▸ Source data
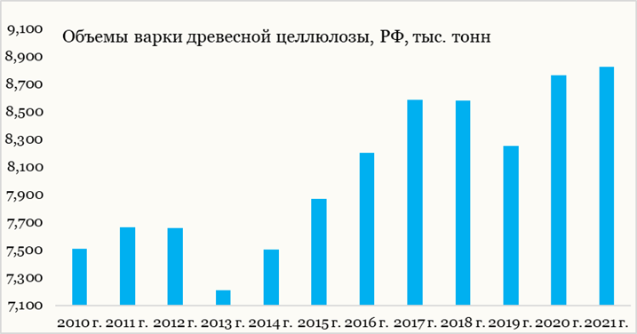 древесной целлюлозы в России по итогам 2021 г. выросло
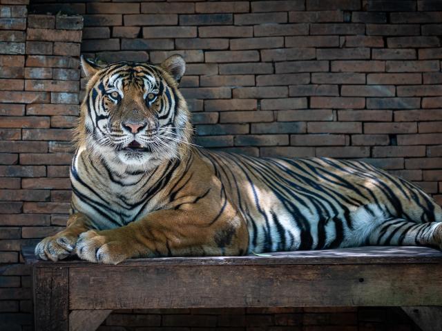 Wallpaper A large striped tiger lies on a wooden table in the zoo
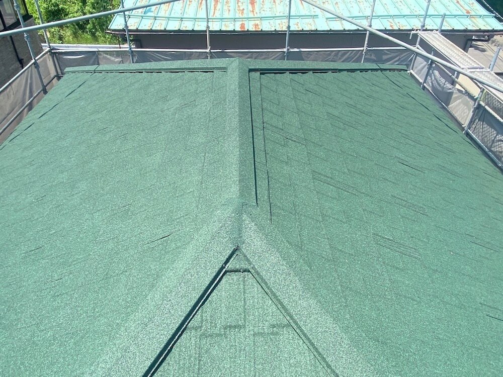 屋根重ね葺き工事:リクシル Tルーフ (モダンN グリーン)

▸ What this task involves
Would you set down every line of the data above exactly, skipping the pictures?

▸ Exercise answer
 древесной целлюлозы в России по итогам 2021 г. выросло
 Wallpaper A large striped tiger lies on a wooden table in the zoo
 屋根重ね葺き工事:リクシル Tルーフ (モダンN グリーン)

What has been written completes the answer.